Sharing – When a Sibling Causes Harm
In the post below, Rachel has it exactly right. We don’t talk nearly enough about sibling abuse.
We have to recognize not only that sibling abuse is abuse in the same way abuse by an adult is but that it also brings some unique complications. Rachel’s description of the impacts might sound familiar to all abuse survivors, but it’s the family dynamics that are different.
I should know. I have navigated those dynamics most of my life. It’s not easy. I was an adult before my parents found out about the abuse, and it wasn’t easy knowing that my parents had a relationship with my abuser, but how could I expect them not to have one with their child? At least we were all adults, and I could easily avoid contact.
I remember the conversation I had with my mother at the time.
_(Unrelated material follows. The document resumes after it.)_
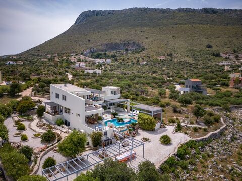 Positioned on the ascent to Drapanos, near the charming old village of Kokkino Chorio, this expansive villa enjoys a convenient location equidistant from Chania and Rethymnon. During the winter months, guests are treated to awe-inspiring vistas of snow-capped mountains to the left, a panoramic view of Souda Bay to the right, and an uninterrupted sightline all the way to Chania and the mesmerizing Cretan sea.

I had to define the boundaries. For me, they were simple. I wouldn’t ask her never to talk to my sibling so long as she understood that I didn’t want to hear about him or be expected to attend the same family events.
Unfortunately, when my parents passed away, funerals became something else to navigate. That also becomes complicated.
I do not know how difficult it would have been had they known when we were both under 18. How do you navigate that as a family?
That’s why we need to talk about it. Keeping that kind of abuse hidden makes it more difficult for families to figure out the best way to navigate an abusive situation between siblings, and I know there are many survivors out there who have struggled with exactly this situation.